В хорошую погоду они гуляли по московским улочкам, забредали в извилистые проулки старого города и восхищались приметами прошлого: узорными чугунными решетками, выполненными лет сто назад, или небольшими прелестными особнячками с мезонинами и балкончиками, глядя на которые невольно вспоминался девятнадцатый век, дамы в пышных платьях и роскошных шляпах, причудливо украшенные коляски и прочие атрибуты милой старины. Когда же предзимье впадало в хандру и выказывало свой отвратительный характер, превращая тротуары в грязевое месиво, а с серого, затянутого низкими тучами неба сыпал бесконечный мокрый снег, они подолгу сидели в кафе. Заказывали по чашечке кофе, негромко говорили, или просто молчали. Около Ясмин он совершенно терялся, разве что не начинал заикаться, видел только ее, не замечая ничего вокруг, словно одно ее присутствие образовывало вокруг них невидимый кокон, через который не проникали извне никакие звуки или события окружающей жизни. И тогда во всем мире существовали только он и она, вечные и прекрасные, как Адам и Ева.
Несколько раз они целовались в подъезде, в парке, в темном коридоре универа. Ясмин всегда следила за тем, чтобы поблизости не было никого, она не выносила открытого проявления чувств на публике, считала это дурным тоном и презрительно отзывалась о девушках, которые откровенно флиртовали с парнями. Едва Влад впервые попытался поцеловать ее на улице, она сразу дала ему понять, что не так воспитана и презирает подобные отношения. Но зато когда она позволяла ему себя поцеловать, и ее упругие губы цвета граната касались его губ, на него накатывала такая мощная волна блаженства, что он, в буквальном смысле слова, мгновенно переносился с грешной земли на седьмое небо, где в наше, пронизанное скепсисом время, теперь, очевидно, располагаются райские кущи.
Одним мрачным октябрьским вечером после занятий Влад дожидался Ясмин в университетском фойе, а когда она наконец появилась, проводил сначала до метро, а потом, не в силах расстаться, и до самого дома. Обычно они пересекали огороженный двор с высокими деревьями и останавливались у ее подъезда, потом дверь за ней закрывалась, а он еще некоторое время, не отрываясь, глядел на эти мощные дубовые врата с литой бронзовой ручкой, представляя, как она поднимается к себе по лестнице. Однако на этот раз, когда снабженная домофоном дверь распахнулась с приятным мелодичным звуком, девушка неожиданно взяла его за руку и потянула за собой.
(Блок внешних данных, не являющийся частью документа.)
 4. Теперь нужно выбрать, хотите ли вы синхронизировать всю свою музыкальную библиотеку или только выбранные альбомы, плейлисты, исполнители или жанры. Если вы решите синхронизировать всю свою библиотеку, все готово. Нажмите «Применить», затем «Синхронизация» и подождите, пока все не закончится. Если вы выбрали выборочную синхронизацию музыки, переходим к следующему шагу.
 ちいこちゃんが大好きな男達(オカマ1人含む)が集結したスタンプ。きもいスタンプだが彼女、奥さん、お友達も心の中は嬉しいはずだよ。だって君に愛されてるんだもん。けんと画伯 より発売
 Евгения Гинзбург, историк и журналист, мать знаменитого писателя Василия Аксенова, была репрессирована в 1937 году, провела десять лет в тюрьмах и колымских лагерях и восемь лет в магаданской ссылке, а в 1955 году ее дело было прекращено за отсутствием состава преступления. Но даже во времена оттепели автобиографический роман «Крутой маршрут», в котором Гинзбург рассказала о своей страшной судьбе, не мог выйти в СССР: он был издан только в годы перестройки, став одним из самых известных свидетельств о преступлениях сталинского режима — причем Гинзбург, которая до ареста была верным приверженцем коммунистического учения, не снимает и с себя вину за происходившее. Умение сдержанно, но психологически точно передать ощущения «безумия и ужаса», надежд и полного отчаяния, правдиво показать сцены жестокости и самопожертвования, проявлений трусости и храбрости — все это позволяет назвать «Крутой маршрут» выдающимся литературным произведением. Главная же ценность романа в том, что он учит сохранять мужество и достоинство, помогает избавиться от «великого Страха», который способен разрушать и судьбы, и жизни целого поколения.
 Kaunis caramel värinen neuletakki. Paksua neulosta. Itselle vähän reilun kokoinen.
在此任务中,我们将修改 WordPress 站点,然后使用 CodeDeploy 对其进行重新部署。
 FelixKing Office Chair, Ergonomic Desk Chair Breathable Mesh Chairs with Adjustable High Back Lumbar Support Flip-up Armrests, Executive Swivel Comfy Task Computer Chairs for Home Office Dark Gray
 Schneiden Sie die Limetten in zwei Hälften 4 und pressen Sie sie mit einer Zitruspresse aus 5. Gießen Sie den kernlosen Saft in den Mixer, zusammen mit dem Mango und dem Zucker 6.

Удивленный Влад не сразу сообразил, что его приглашают войти, и слегка притормозил, упираясь, но тотчас устремился следом.
Ясмин поздоровалась с консьержем, который бросил на парня изучающий взгляд, потом приветственно кивнул ей. По широкой мраморной лестнице поднялись на третий этаж, она отперла дверь и шагнула в полутемную прихожую размером с большую комнату в стандартной квартире Влада. Они повесили куртки на вешалку, Ясмин скинула зимние сапоги и надела вышитые тапки с загнутыми носками. Такие же яркие туфли, только большего размера, придвинула Владу. Он с интересом уставился на них.